Very interesting! How often do I hear a P-value is inferior to a posterior probability, as that’s the only thing that matters? all the time. The little secret that hoodwinks those who forget to look under the hood to check: what does your posterior probability mean? Nobody can say. They don’t even agree with defaults priors. P-values don’t change their meaning. They can be misused, we know, particularly if interpreted as posterior probabilities or with mining, dredging and scalping, but we are not lost in a flux of fuzzy froth numbers likely to undergo chrysalis transformations on a moment’s whim. I’m sure most people using Bayesian software don’t know what’s coming out of the machine, they’re buying a pig in a poke.

“The little secret that hoodwinks those who forget to look under the hood to check: what does your posterior probability mean? Nobody can say.”

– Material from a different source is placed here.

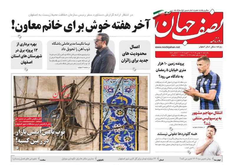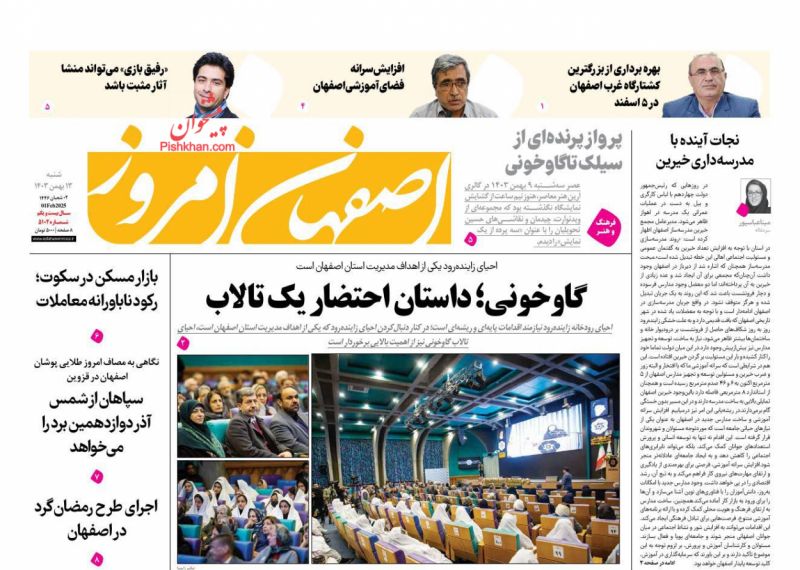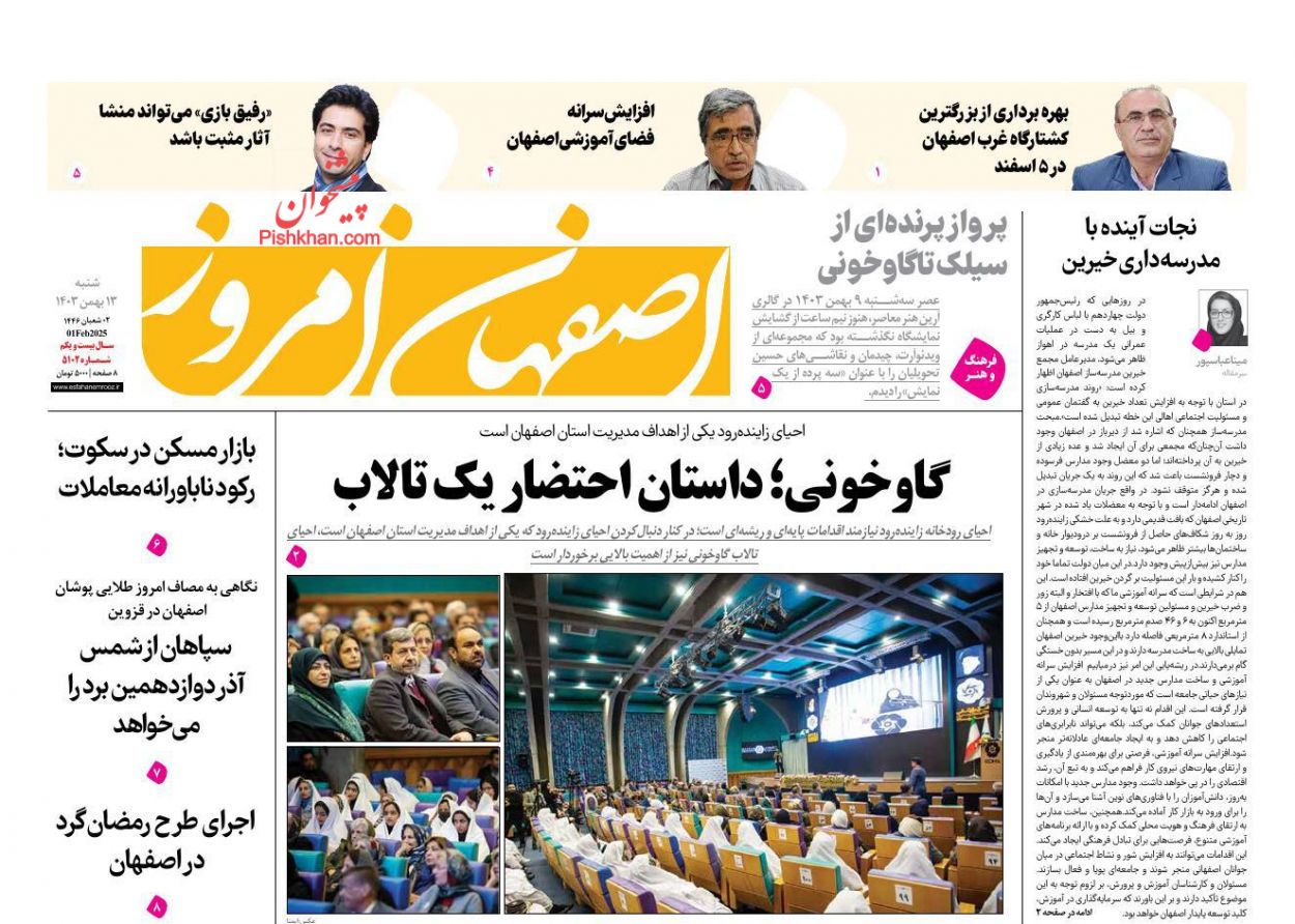 اصفهان امروز ، شنبه ۱۳ بهمن

Subjective Bayesians would say, “It means that if one held such-and-such probability distribution* prior to considering the evidence, one must now have so-and-so probability distribution thereafter.” Other Bayesian schools of thought have supplied answers too. What kind of answer are you looking for/have you looked for? In what way do the answers you’ve seen, such as the above subjective Bayesian one, fail to supply the requested meaning?

(The school of thought to which I subscribe would agree with the subjective Bayesian notion operationally but would not find it to be the fundamental motivation.)

* Subjective Bayesians cash out “holding a probability distribution” as “if someone held a gun to your head and forced you to make book on some set of events without letting you choose which side of the bet said gun-wielder would take, and you were smart enough to choose odds that avoided diachronic Dutch books, then your odds would encode a probability distribution you can be said to hold.”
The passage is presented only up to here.